Sometimes, when breeding Golden Retrievers, the mother of the litter will prove to be unfit, which requires more work for the breeder. If the mother isn’t doing her job of nurturing her young, the breeder will need to do it for her. This can be the most time consuming aspect of breeding, as the breeder will have to feed the young and make sure that they turn out as healthy as possible.

Aside from that, breeders also face quite a bit of costs as well. The prices for daily care, food, and vet bills can be very steep to say the least. When you crunch the numbers, you’ll quickly realize that breeders don’t make much money at all when they sale. Most breeders do it for a hobby, not looking to make money. Quality breeders on the other hand aren’t concerned with money at all, as they are more concerned about the quality of their litters. Quality is better than quantity, as even the best breeders out there have problems selling puppies from time to time.

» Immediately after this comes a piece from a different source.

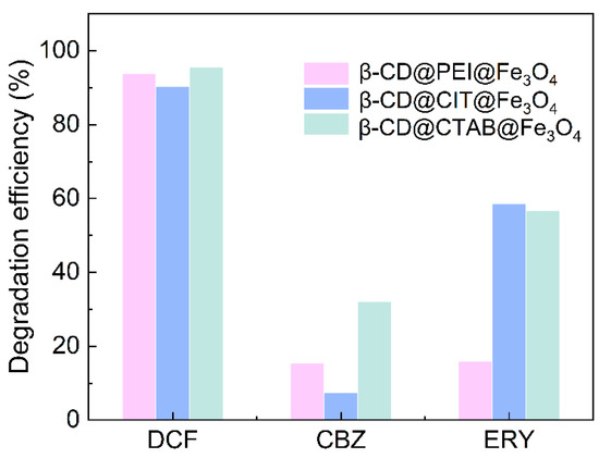Comparative degradation efficiency of β-CD@CIT@Fe3O4, β-CD@PEI@Fe3O4, and β-CD@CTAB@Fe3O4 against DCF, CBZ, and ERY.

Although breeding is fun for hobby breeders, it is something you really shouldn’t be doing if you don’t have the experience. Although your Golden may get knocked up by a dog of a different breed without you knowing it, you should do your best to avoid it at all costs if you can. A pure bred Golden Retriever should be bred only with dogs of her breed, to help preserve the breed and keep their bloodline going. If you have thought about breeding in the past – you should really study long and hard before you actually make a reality of it.

A Golden Puppy

We all know that Golden Retrievers are beautiful, obedient, and make great family pets and hunting dogs. Golden’s also make great guide dogs for the blind, narcotic detection dogs, and even tracking dogs for finding missing people. Although there are many other dog breeds out there, Golden Retrievers remain one of the most versatile and most astonishing breeds that you can get.

Before you rush out and buy a Golden Retriever puppy, you should first take the time to learn a bit more about the breed. You can attend dog shows, meet with various owners of Golden Retrievers, and even go to your local kennel club. Most people who own Golden Retrievers are extremely proud of them and will be more than happy to share their enthusiasm with you.

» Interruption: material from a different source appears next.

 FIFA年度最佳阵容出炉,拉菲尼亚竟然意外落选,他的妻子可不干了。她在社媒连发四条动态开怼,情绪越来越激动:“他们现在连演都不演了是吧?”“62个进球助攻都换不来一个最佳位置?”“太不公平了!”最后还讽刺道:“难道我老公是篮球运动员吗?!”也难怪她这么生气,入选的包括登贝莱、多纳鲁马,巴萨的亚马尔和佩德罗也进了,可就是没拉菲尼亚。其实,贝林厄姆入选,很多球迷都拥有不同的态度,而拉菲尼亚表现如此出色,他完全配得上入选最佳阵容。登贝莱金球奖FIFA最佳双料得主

When you buy you’re Golden Retriever puppy, it’s always a great idea to buy from a backyard breeder or local puppy mill. Backyard breeders are normally the best way to get a Golden puppy, as they know and care a lot about the breed in general. Although you can always go to a reputable breeder, backyard breeders aren’t just in it for the money – they actually care about their dogs and want you to get the best Golden possible.

You can also visit the Golden Retriever Club of America and their local member clubs, as they can supply you with a list of breeders in your area. If these breeders don’t have any Golden’s for sale themselves, they will be more than willing to help you find what you’re looking for. This way, you can get a Golden from a very reliable source.

Whatever you do, you should never rush into buying a Golden Retriever. You should always take your time, and have a little bit of patience. When you buy your puppy, you want a healthy puppy who will grow up to be a fine testament of the breed. By taking your time and making a careful decision, you can save yourself a lot of time and money later on down the road.

Golden puppies that are poor quality, are normally produced by breeders who just want to have a litter or breeders who are just looking for the profits and care very little about giving thoughts to looks, quality, or temperament. If you buy a puppy from either of these breeders, you’ll more than likely end up with a puppy who has poor health, poor temperaments, and even disqualifications in breed.

When you get your puppy, you should always think long term. Only buy from a quality breeder, and you shouldn’t have anything to worry about. Always remember that you aren’t just buying a Golden Retriever puppy – you are buying a companion and a friend for life.